▶ Exercise material:
>>>
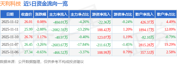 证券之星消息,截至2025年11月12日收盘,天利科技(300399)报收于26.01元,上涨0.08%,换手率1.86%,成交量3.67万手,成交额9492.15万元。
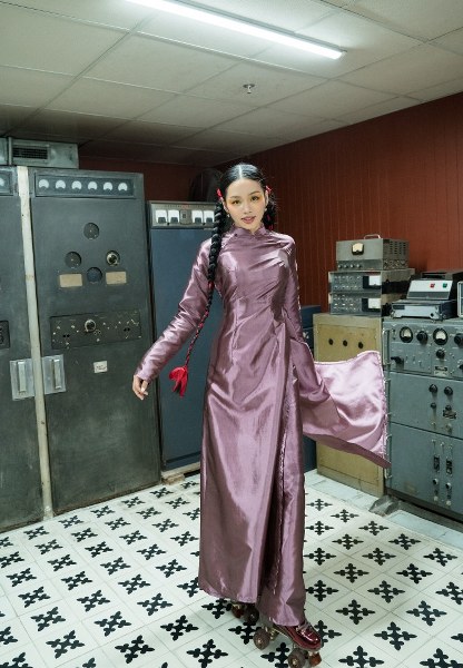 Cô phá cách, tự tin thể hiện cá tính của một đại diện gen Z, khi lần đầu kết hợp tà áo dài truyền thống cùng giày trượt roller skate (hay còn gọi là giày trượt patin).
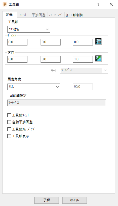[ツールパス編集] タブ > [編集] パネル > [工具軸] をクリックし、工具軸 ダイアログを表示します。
<<<
>>>
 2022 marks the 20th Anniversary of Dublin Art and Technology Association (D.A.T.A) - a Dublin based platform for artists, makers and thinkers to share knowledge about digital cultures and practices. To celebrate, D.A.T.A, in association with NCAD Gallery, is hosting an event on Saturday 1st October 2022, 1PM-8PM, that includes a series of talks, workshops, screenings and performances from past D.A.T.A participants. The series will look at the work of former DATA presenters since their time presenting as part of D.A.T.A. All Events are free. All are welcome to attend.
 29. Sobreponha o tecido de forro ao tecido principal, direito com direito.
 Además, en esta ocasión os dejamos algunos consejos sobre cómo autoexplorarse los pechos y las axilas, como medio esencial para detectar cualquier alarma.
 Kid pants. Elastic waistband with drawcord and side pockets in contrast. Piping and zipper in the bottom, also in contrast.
<<<
>>>
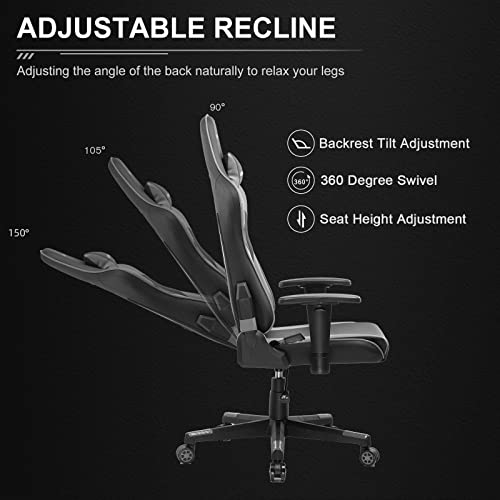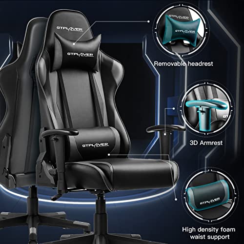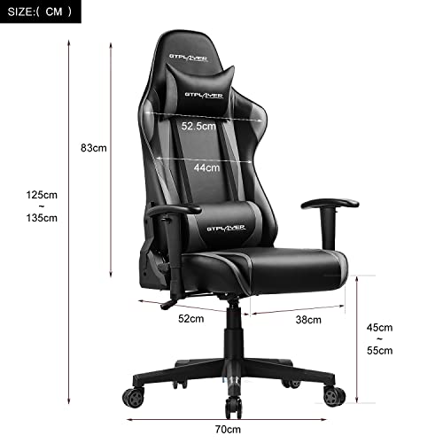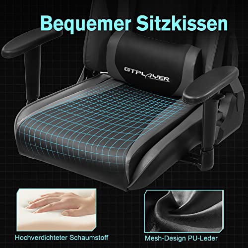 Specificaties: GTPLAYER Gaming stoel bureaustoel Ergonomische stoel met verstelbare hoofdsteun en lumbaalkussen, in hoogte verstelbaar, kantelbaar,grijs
<<<
▶ Directions for this task:
Starting at the line that contains "29. Sobreponha o" and stopping after the line that contains "Además, en esta", write out every line exactly as it appears above, and no other line.

▶ Problem solution:
 29. Sobreponha o tecido de forro ao tecido principal, direito com direito.
 Además, en esta ocasión os dejamos algunos consejos sobre cómo autoexplorarse los pechos y las axilas, como medio esencial para detectar cualquier alarma.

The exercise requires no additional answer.